Песах — один из самых важных праздников в еврейском календаре. Каждую весну мы восхваляем Моисея, возглавившего бегство сынов Израилевых из Египта после 200 лет рабства. Суть этой истории — освобождение, а маца символизирует тяготы рабства и бегство еврейского народа на свободу. Мы называем ее хлебом скорби.
Песах в годы Холокоста был особенно мучительным. Трудно представить себе другой период за всю историю еврейского народа, когда его символика вызывала бы больше боли.
Когда я оглядываюсь назад, я понимаю, что, когда крекер растаял во рту и я насладилась его вкусом и капсулой времени, которую он создавал, до меня окончательно дошло, что определенные продукты имеют духовное значение, которое выходит за рамки функции топлива для организма.
Впервые в своей жизни я ела что-то, что было скорее топливом для души. Ривка торопила нас не потому, что охранники собирались застрелить нас, хотя, если бы они узнали, что мы делаем, у них запросто могла возникнуть эта идея. Она торопилась согласно еврейской традиции, которая предписывает, что процесс приготовления мацы завершается в течение восемнадцати минут, с первого момента приготовления теста до момента его полной выпечки. Мы следовали древнему многовековому ритуалу: тогда ингредиенты для мацы были единственной провизией, которая была у евреев, и у них не было достаточно времени, чтобы дать тесту подняться, потому что они бежали, торопились. Идея состоит в том, что они доверились Богу. И Он не подвел их.
Выпекание мацы в условиях военного времени под носом у охранников стало уроком нескольких уровней значимости, который остался со мной на всю жизнь. Это был не только акт самоопределения и подстрекательства к мятежу — Ривка вселяла в нас чувство собственного достоинства и самоуважения. Немцы уничтожали нас, но до тех пор, пока жили дети, которые понимали формирующие еврейскую идентичность традиции, у нашего народа был шанс на возрождение, что в один прекрасный день в будущем и произошло.

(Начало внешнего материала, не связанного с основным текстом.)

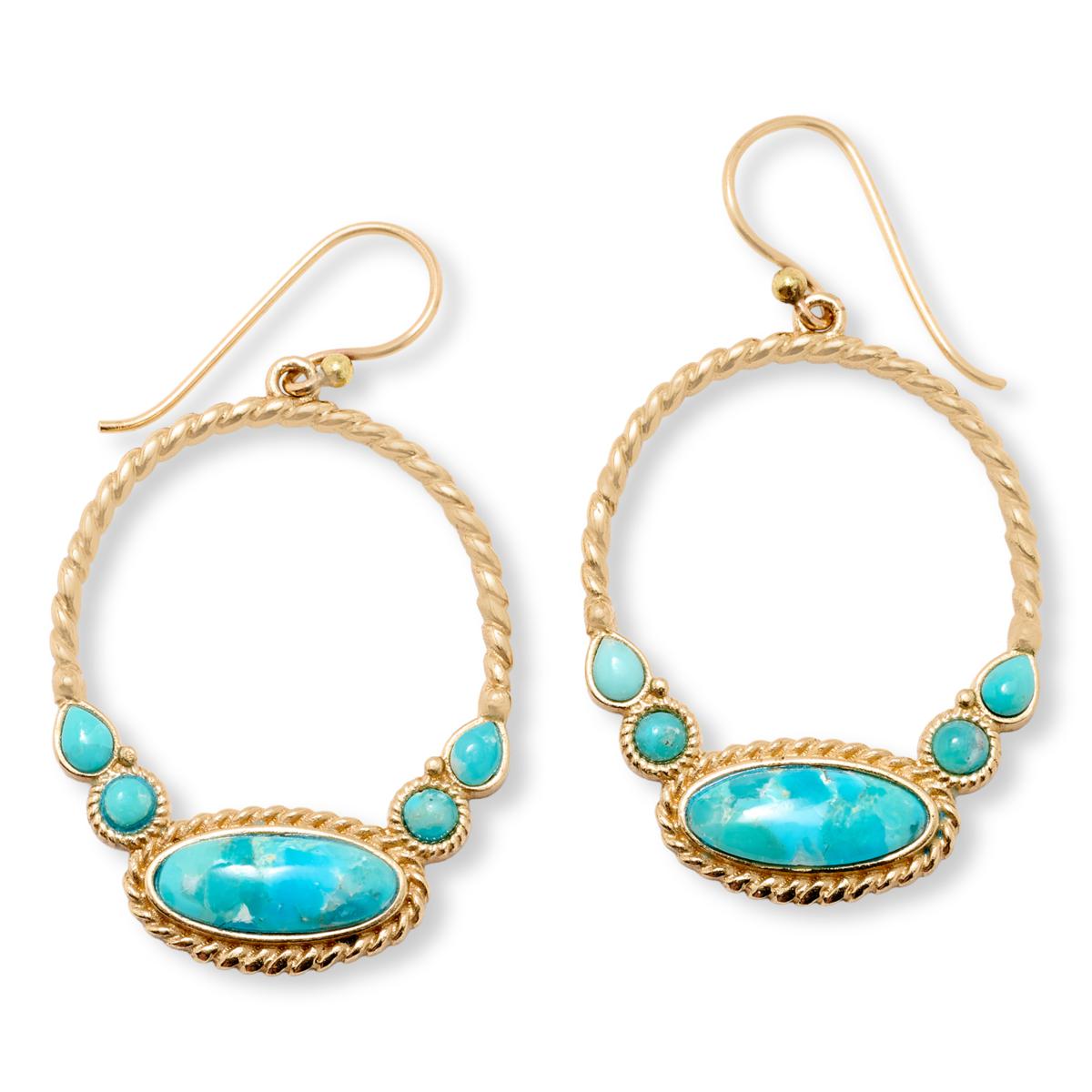 These drop earrings bring a warm, artisanal vibe with their twisted golden bronze and brass detailing. The open silhouette keeps things light and feminine, while the roped gemstone design adds texture and vintage Southwestern charm. Perfect for dressing up your everyday look or adding a unique touch to evening wear.

7 апреля 1944 года в семейных казармах в Стараховице, окруженном колючей проволокой, сторожевыми вышками и вооруженными украинскими фашистами, мои родители задавались вопросом, сколько еще им придется терпеть это рабство. Когда моя маленькая семья доедала последние крошки нашей мацы в самом темном и мрачном уголке оккупированной Центральной Польши, в воздухе повис вопрос: когда же Бог избавит нас от нацистского зла? Ответа не последовало.
На самом деле опасность витала в воздухе вокруг нас. И я стала той самой канарейкой, которую в прежние времена шахтеры заносили в угольную шахту, чтобы определить токсичность воздуха. Тогда я этого не понимала, но долгие часы, которые я проводила вдали от родителей, помогли мне набраться уличных навыков выживания. Я развивала в себе сильный внутренний стержень, независимость и самоуверенность. Я была наблюдательна, и мой радар для обнаружения потенциальных проблем с каждым днем работал все точнее. Я и не подозревала, что вскоре эти навыки окажутся бесценными.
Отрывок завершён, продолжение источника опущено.